Are you discerning – or are you deceived?

What indicators are there in our life that reveal whether we are discerning or deceived?

Meaning of 'Discern': To perceive or distinguish something, to pick out by diligent examination.

Now more than ever, discernment is a vital tool for the believer—however now more than ever, we are seeing many Christians straying from the truth of God’s Word and accepting wrong doctrines because they lack discernment.

1 John 4:1 Beloved, do not believe every spirit, but test the spirits to see whether they are from God, for many false prophets have gone out into the world.

Now I’m not just talking about any discernment. We could have plenty of discernment; like knowing not to go too close to an open fire, to wear gumboots when walking through mud, or to avoid putting clothes on the line on a rainy day. Those are all forms of common sense, which is necessary for our own safety and convenience, thereby being important from a physical viewpoint—however all of these are classed as general discernment.

What I’m referring to here is much more important – especially for our spiritual lives.

Biblical discernment!

Proverbs 2:1-5 My son, if you receive my words and treasure up my commandments with you, making your ear attentive to wisdom and inclining your heart to understanding; yes, if you call out for insight and raise your voice for understanding, if you seek it like silver and search for it as for hidden treasures, then you will understand the fear of the Lord and find the knowledge of God.

This is where the rubber meets the road. This is where we will be well-equipped to stay in correct doctrine, to spot fake from real, false from truth, lies from honesty, darkness from light.

You may believe that it’s fairly simple to spot the difference between these because they are so opposite. This is exactly what the enemy wants you to believe because then you won’t be alert and on guard like you should be (1 Peter 5:8), instead, you’ll be in danger of falling prey to deception in its highest form—subtle evil. 2 Corinthians 11:1-3 I wish you would bear with me in a little foolishness. Do bear with me! For I feel a divine jealousy for you, since I betrothed you to one husband, to present you as a pure virgin to Christ. But I am afraid that as the serpent deceived Eve by his cunning, your thoughts will be led astray from a sincere and pure devotion to Christ.

Meaning of 'Deceived': When someone believes something that is not true, typically in order to gain some personal advantage.

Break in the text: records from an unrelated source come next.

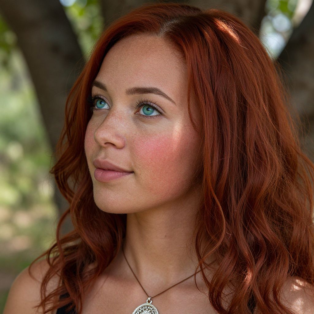 Envision an intimate portrait of a Sub-Saharan African woman with mesmerizing blue-green eyes and vibrant red hair cascading in gentle waves around her shoulders. The unique angle showcases her profile from above, highlighting a delicate silver pendant adorning her neck. Sunlight filters through the surrounding trees, casting dappled shadows on her fair skin, accentuating an enigmatic smile that exudes warmth and mystery. Intricate details of freckles, rosy cheeks, and soft hair texture create a hyperrealistic image, inviting viewers to explore a spectrum of human emotions.
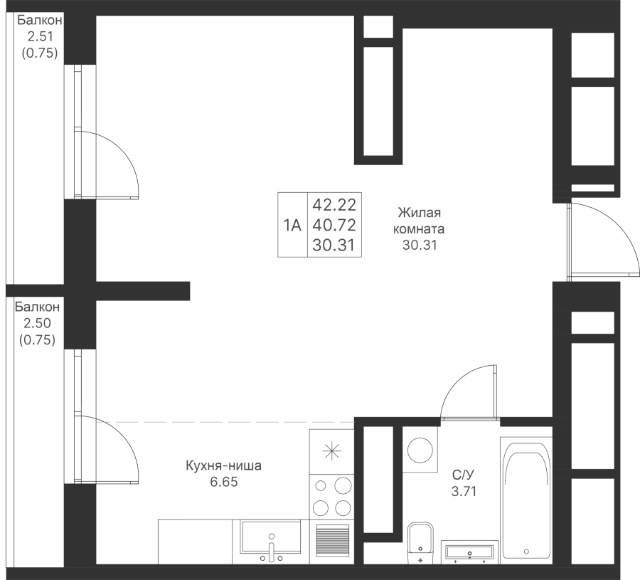 Визуализация и планировка, в том числе в части площади и размера стен жилого помещения, являются проектными и могут быть изменены в ходе строительства объекта. Цена квартиры зависит от выбранной программы и акции, актуальные цены можно уточнить у менеджеров и на момент заключения договора.
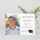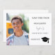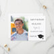 On front: Add your own vertical size photo of the graduate. A chic white background, black text. Templates for a name and date. The name is written with a modern hand lettered style script. With a cap, tassel topper.
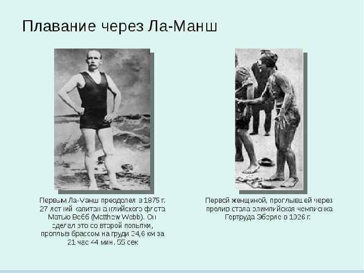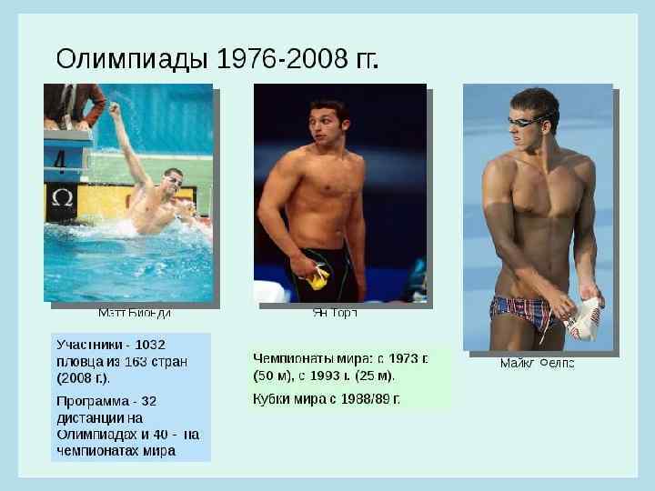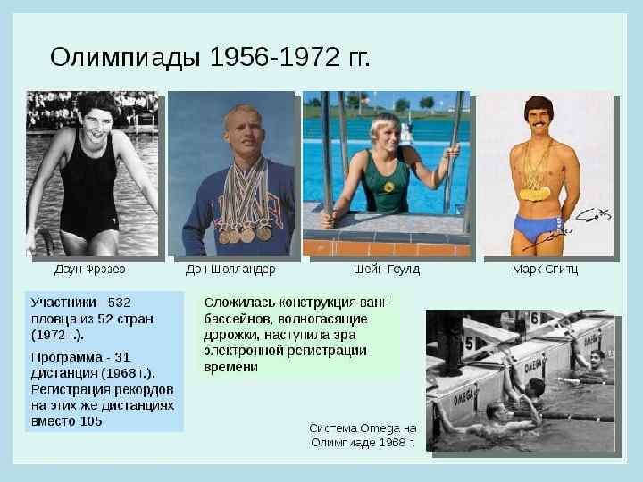 • В 1963 году американец Дон Шоландер стал первым в истории пловцом, которому удалось выплыть из 2 -ух минут на дистанции 200 м вольным стилем. • Первым пловцом, выступившим на соревнованиях в очках, а также в плавательной шапочке, считается англичанин Дэвид Уилки (1970 г. ). • Американский пловец Марк Спитц стал первым человеком в истории, завоевавшим семь золотых олимпийских медалей на одних Играх (Мюнхен, 1972 г. ).
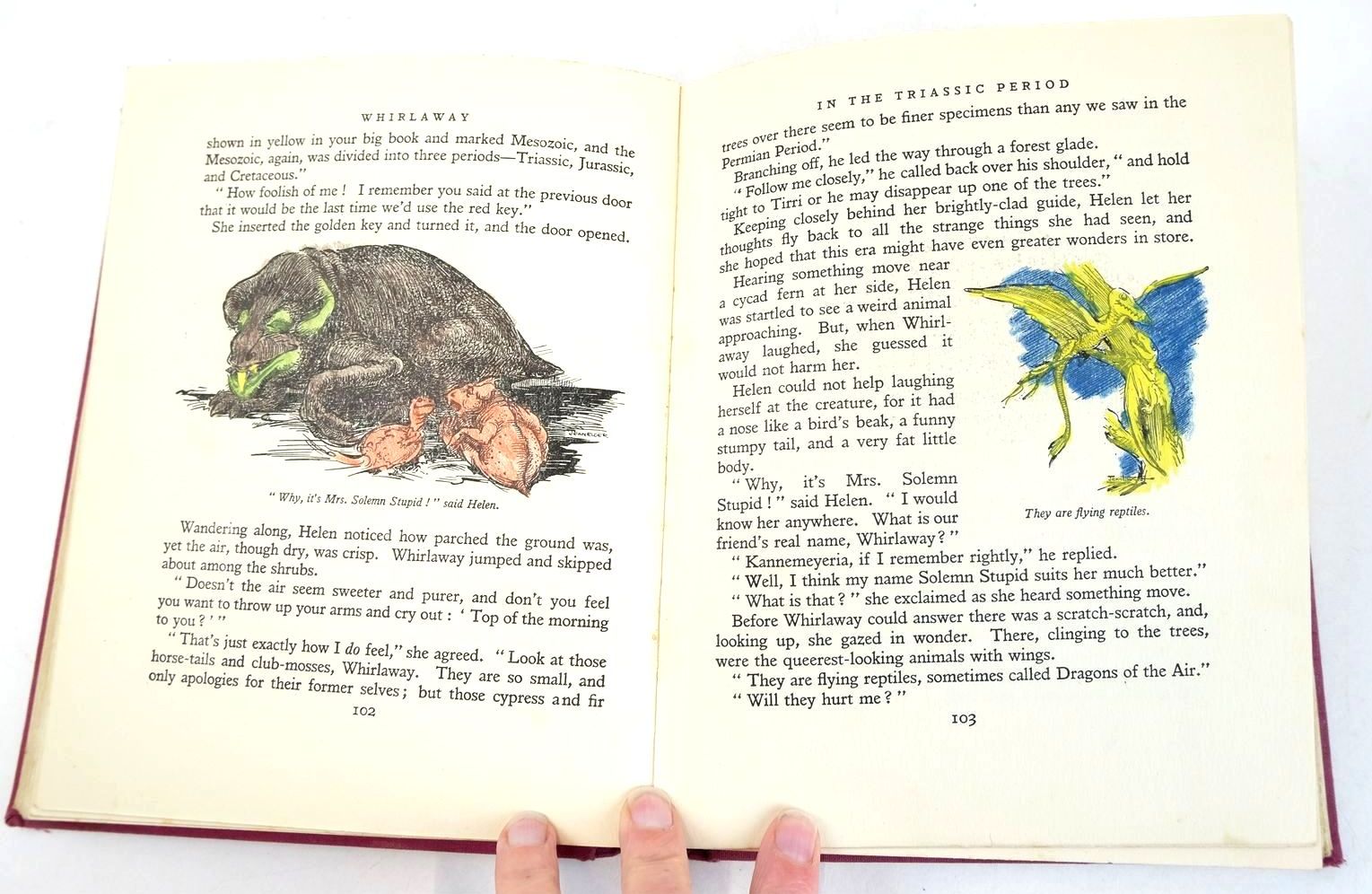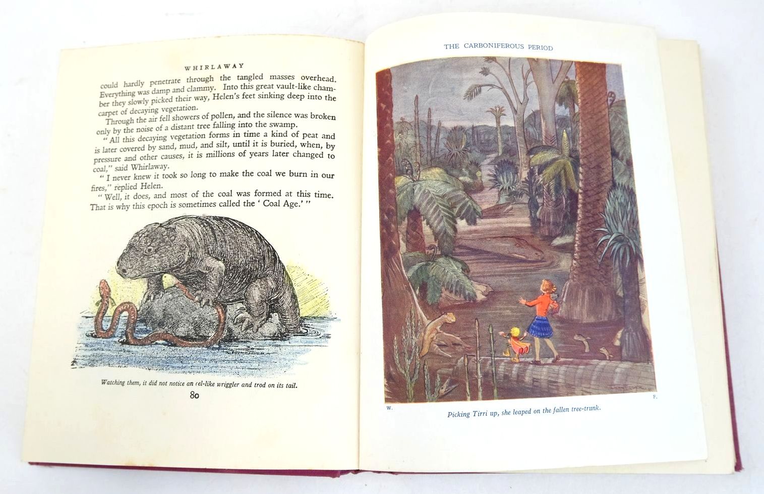 Good condition. A delightful story of the Earth's past through successive geological eras, in the company of Helen and her little elf-like friend Whirlaway. Dark pink cloth, black titles and vignette to front cover. Blue and white pictorial endpapers. 9 colour plates and numerous b/w drawings. 237 pages.
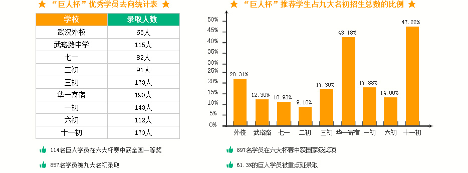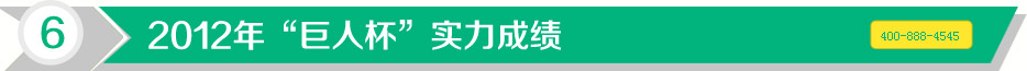 在2012年巨人杯测评中,1181名“巨人杯”测评优秀考生被九大名初录取,占九大名初招生总额的18%,其中,巨人学员857名被九大名初录取。

When a person is deceived, they don’t know when they are being deceived. This is why it’s so essential to line our lives up against the Word of God to ensure we really are believing and living in righteousness.

Satan is the great deceiver (Revelation 12:9) and he is always trying to sneak through that breach in your wall—that weakness where he knows he may have a way in.

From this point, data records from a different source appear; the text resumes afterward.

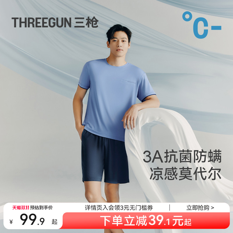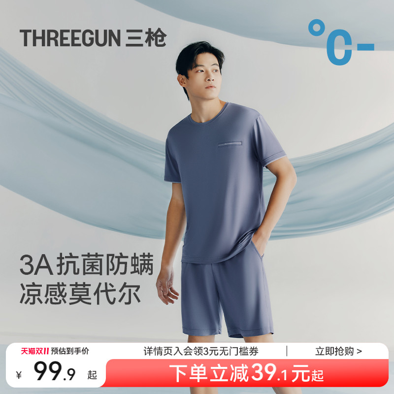 浪莎夏季睡衣男士短袖莫代尔薄款青少年男款夏天可外穿家居服套装
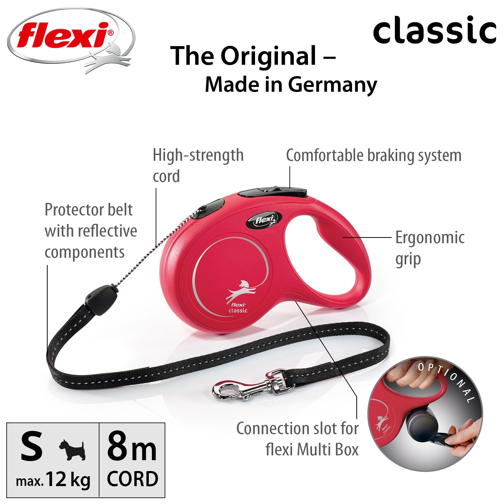 Vodítka flexi® classic nabízí pohodlný úchop, odolný navíjecí systém i kvalitní, bezpečný a intuitivní brzdový systém, který ve zlomku vteřiny zastaví pohyb psa. Pro snadné upevnění vodítka k obojku nebo postroji je vodítko opatřeno chromovanou karabinou.
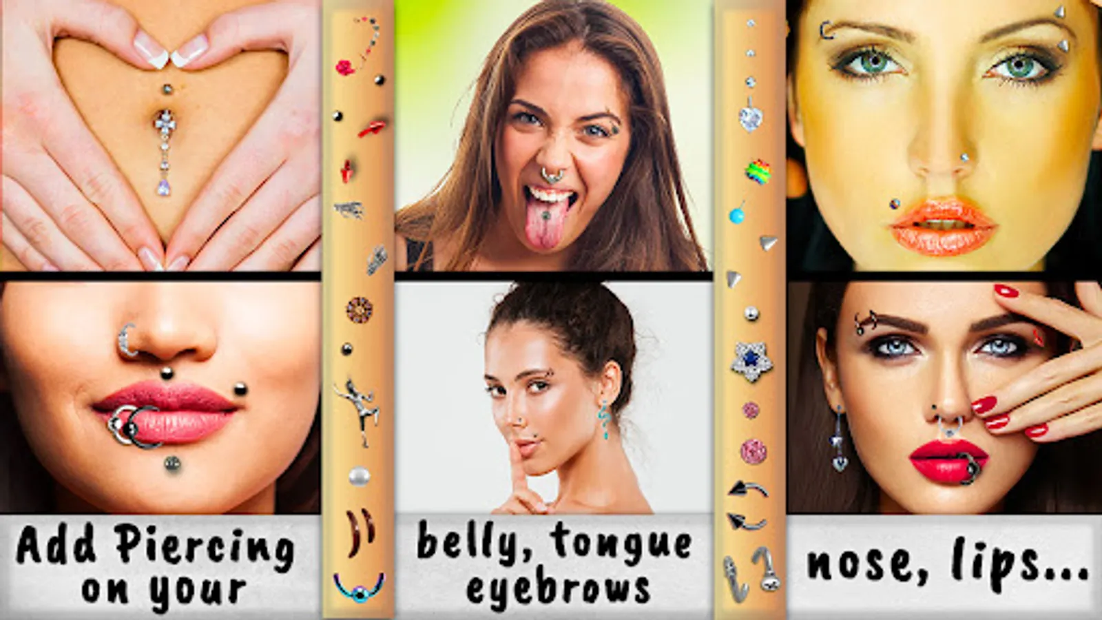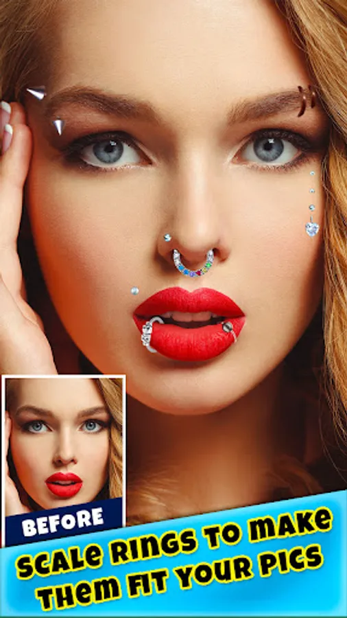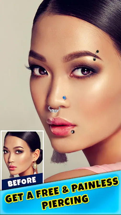 ""Try On Piercing Photo Montage"" lets you try different piercing styles without any pain! Check out these amazing ones for free! ""Body piercing"", ""septum piercing"", tongue, lips, nose, cheek and eyebrow piercing for men and women, belly button rings and much more!

The Bible warns of Satan’s schemes and also provides an adequate solution—if only we’d utilise it.

James 4:7 Submit yourselves therefore to God. Resist the devil, and he will flee from you.

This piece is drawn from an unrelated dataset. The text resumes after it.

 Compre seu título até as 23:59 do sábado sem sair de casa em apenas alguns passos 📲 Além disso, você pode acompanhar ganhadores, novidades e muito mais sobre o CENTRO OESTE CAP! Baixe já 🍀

Not only are we to resist the devil—but before that, we must be willing to submit ourselves to God. Once we have wholly submitted ourselves to Him, then He gives us the strength and ability to resist the devil. Quite often this part of Scripture is missed and many try to resist the devil in their own strength but end up unstuck, wondering why it didn’t work. We need to realise that we are unable to overcome the enemy in our own power. Jesus has defeated the enemy (Hebrews 2:14-15) so it is only through Him that we have victory (1 Corinthians 15:57). We have no power in and of ourselves (John 15:5) and the sooner we realise that, the better.

Zechariah 4:6 “This is the word of the LORD to Zerubbabel: Not by might, nor by power, but by my Spirit, says the LORD of hosts.”

Although deception is quite often a tool of the enemy, it’s not always Satan who is out to deceive us. We too can deceive our own selves. Why would we do such a thing? In order to believe something that we so badly want to hold on to. What a strange thing it is to want to deceive our own hearts into believing a lie so we can take advantage of and continue to hold on to a falsehood. Sadly, this is a reality that all of us, at one stage or another, have stooped to doing. Whether it’s telling ourselves we deserve to be happy in life and therefore it’s ok to place our attention on self, or rationalising in our mind that it wasn’t really a lie that we just told to save face, excuses can be very easily made—resulting in deceiving our own heart.

1 Corinthians 3:18 Let no one deceive himself. If anyone among you thinks that he is wise in this age, let him become a fool that he may become wise.

Human beings are very good at justifying themselves.

We have a tendency to elevate our own self-worth and cover up our wrongdoings by justifying them to ourselves so we feel ok about them and can then continue in them. It’s quite easy to make a compelling case for our sin—convincing ourselves (and others) that what we’re doing is fine, and even godly—when in actual fact it is contradictory to the Word of God. More about this later.

Moreover, we may hear the Word of God, but we can’t just be hearers. If we are only hearing and never doing, then we are actually deceiving ourselves. The Bible says we need to not only hear the Word, but act on it!

James 1:22 But be doers of the word, and not hearers only, deceiving yourselves.

Proof of a genuine Christian is one who bears fruit (John 15:8)—believing the truth, hearing the truth and walking in the truth. When we are operating in all three of these truths our fruit will be good, and it is then that our Heavenly Father is glorified through us.

So in knowing and living God’s Word to ensure we’re not deceived, we are perfectly positioned to grow in discernment, because it isn’t something that Christians have automatically.

Philippians 1:9-10 And it is my prayer that your love may abound more and more, with knowledge and all discernment, so that you may approve what is excellent, and so be pure and blameless for the day of Christ.

From the smallest to largest detail, having godly discernment will lead to approving what is excellent—knowing what is pure and holy, as well as what is not. It brings the bearer great wisdom in knowing what is acceptable before the Lord—compelling them to walk closer with Him in holiness as they determine and eliminate anything that is ungodly, no matter how large or small.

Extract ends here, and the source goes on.